*EXERCISE GOAL*.
Reproduce exactly the lines of this material that begin at the line with "Pendentif original avec" and end at the line with "с синтетическом жемчугом.", both included. Omit the pictures and everything else.

*EXERCISE INPUT*.
________________

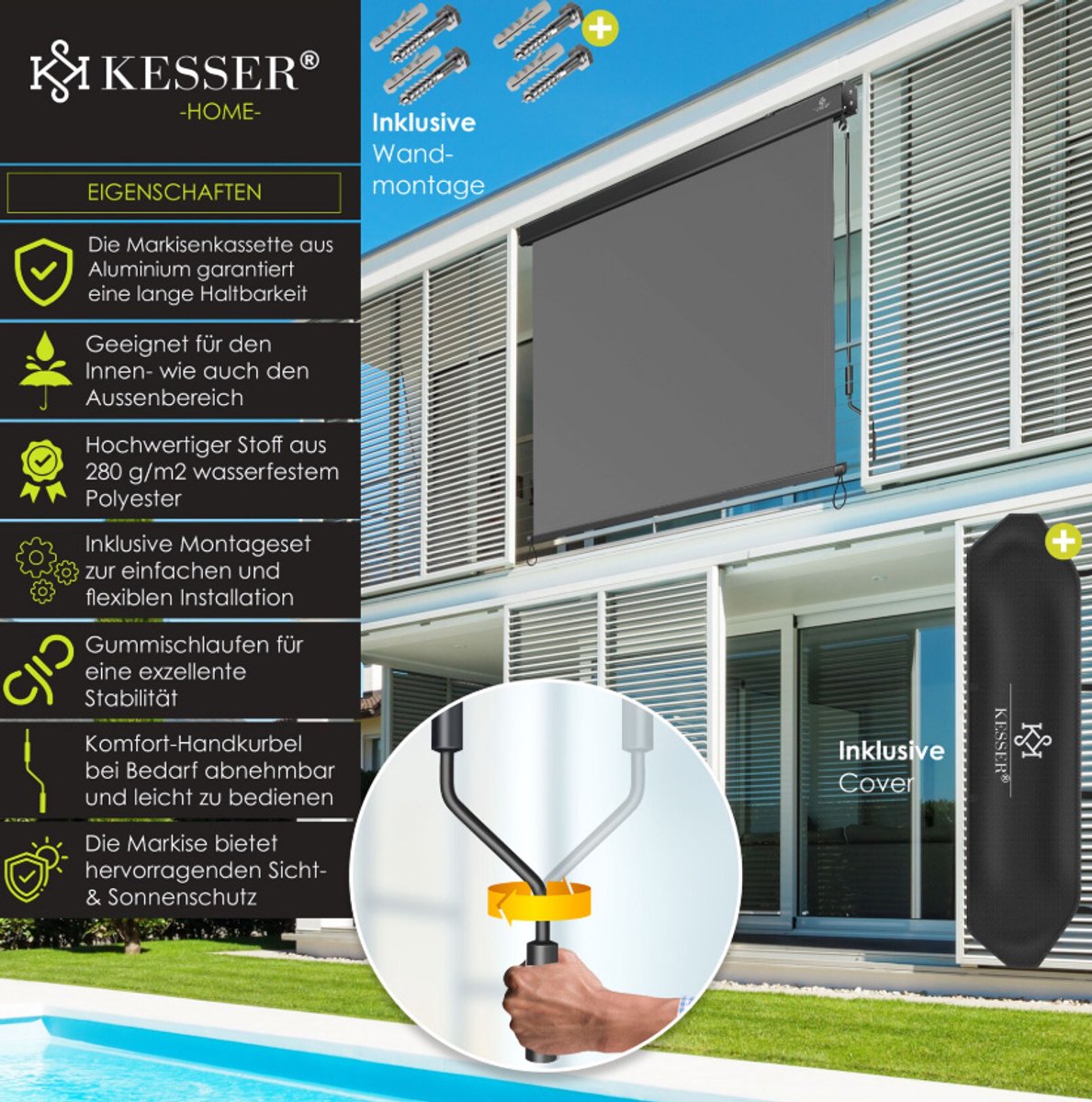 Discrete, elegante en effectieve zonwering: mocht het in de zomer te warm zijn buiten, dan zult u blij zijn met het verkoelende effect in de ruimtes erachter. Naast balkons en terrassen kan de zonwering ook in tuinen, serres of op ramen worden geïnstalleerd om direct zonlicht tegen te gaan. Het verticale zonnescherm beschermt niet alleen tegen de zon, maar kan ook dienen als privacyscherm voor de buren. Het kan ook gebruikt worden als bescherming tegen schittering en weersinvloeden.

________________

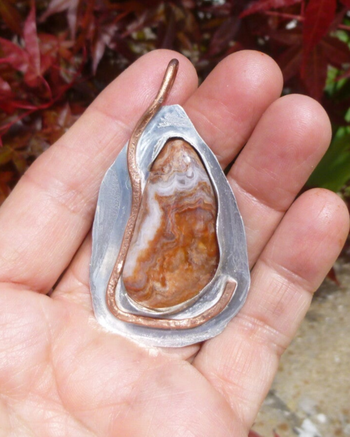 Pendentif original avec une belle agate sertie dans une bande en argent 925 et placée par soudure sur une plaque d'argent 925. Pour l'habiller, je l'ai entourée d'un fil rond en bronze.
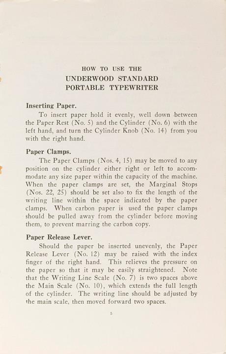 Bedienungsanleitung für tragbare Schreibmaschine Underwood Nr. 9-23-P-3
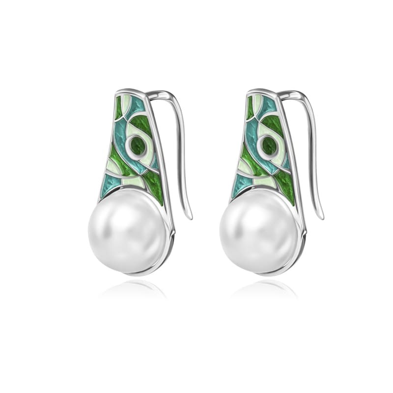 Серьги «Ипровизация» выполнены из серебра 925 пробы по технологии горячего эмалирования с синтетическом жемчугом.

________________

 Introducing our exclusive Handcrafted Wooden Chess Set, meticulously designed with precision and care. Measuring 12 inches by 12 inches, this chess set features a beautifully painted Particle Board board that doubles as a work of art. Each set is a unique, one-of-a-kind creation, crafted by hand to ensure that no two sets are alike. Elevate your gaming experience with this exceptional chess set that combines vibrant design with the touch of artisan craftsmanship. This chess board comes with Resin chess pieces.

________________

*SOLUTION*.
 Pendentif original avec une belle agate sertie dans une bande en argent 925 et placée par soudure sur une plaque d'argent 925. Pour l'habiller, je l'ai entourée d'un fil rond en bronze.
 Bedienungsanleitung für tragbare Schreibmaschine Underwood Nr. 9-23-P-3
 Серьги «Ипровизация» выполнены из серебра 925 пробы по технологии горячего эмалирования с синтетическом жемчугом.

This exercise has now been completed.